Pensa que só pedestre – pegando carona no delicioso post da Regina – tem dificuldade de atravessar a rua? Bicho de tudo quanto é tipo também tem, embora o problema seja mais comum não nas cidades onde habitam pedestres, motoristas, motociclistas – e uns gatos pingados de ciclistas –, mas sim nas áreas rurais entrecortadas por estradas. E os efeitos sobre os animais chegam ao nível genético, como mostra um artigo científico recém publicado na revista Basic and Applied Ecology.
Além de aumentar a mortalidade de animais selvagens, as estradas mudam seu comportamento e levam à fragmentação de seu habitat. Mas é ao restringir seus movimentos e ao aumentar o isolamento de populações que elas podem levar a conseqüências genéticas. Após uma revisão dos estudos sobre os impactos na variabilidade genética de populações, os autores do artigo concluem que, embora muitas estradas tenham sido construídas há menos de 50 anos, seus efeitos podem ser rápidos.
As estradas frequentemente diminuem a diversidade genética das populações afetadas ao reduzir o tamanho dessas populações e a variação na composição genética dos indivíduos dentro dela, escreveram os pesquisadores. Eles sugerem que a construção de túneis ou passarelas para permitir que os animais atravessem pode ajudar a diminuir as conseqüências genéticas que nosso caso de amor com os carros tem sobre a vida selvagem.

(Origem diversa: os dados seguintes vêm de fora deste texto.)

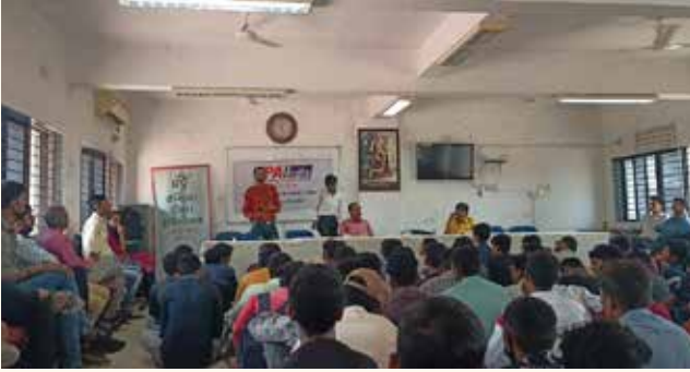
આઈ. ટી. આઈ., ગોંડલ

Que o digam os cangurus. Nas minhas primeiras viagens pela Austrália, achei exagerada a recomendação para não dirigir à noitinha, mas foi só botar o carro na estrada para entender. Difícil dirigir alguns quilômetros sem ver uma carcaça de canguru na beira da estrada. Os cangurus são mais ativos no fim da tarde e, atraídos pela grama e água nas bordas das rodovias, acabam na frente de um carro. Não há estatísticas oficiais, mas estima-se que centenas de milhares de animais morram todos os anos nas estradas. Quanto aos motoristas, em geral saem intactos. Um acessório quase obrigatório para quem dirige nas áreas rurais na Austrália é a “roo bar”, uma grade que vai na frente do carro para garantir que, na colisão com um canguru, seus ocupantes não sofram o impacto.

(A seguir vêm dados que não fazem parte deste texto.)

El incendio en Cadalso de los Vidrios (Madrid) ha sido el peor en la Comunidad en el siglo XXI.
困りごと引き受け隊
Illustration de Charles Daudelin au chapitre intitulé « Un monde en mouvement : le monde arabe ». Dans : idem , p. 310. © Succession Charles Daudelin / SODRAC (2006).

Além de túneis e passarelas, outros métodos testados para afugentar animais e evitar colisões incluem refletores que imitam os faróis de um carro, aparelhos que emitem som ultra-sônicos e o uso de odores – em geral o do predador da espécie que se quer proteger. Ainda assim, destaca Daniel Ramp, da Universidade de New South Wales, a melhor maneira de evitar a matança – e os efeitos genéticos – é pensar nas populações do entorno na hora de desenhar a estrada. E, claro, dirigir menos e mais devagar.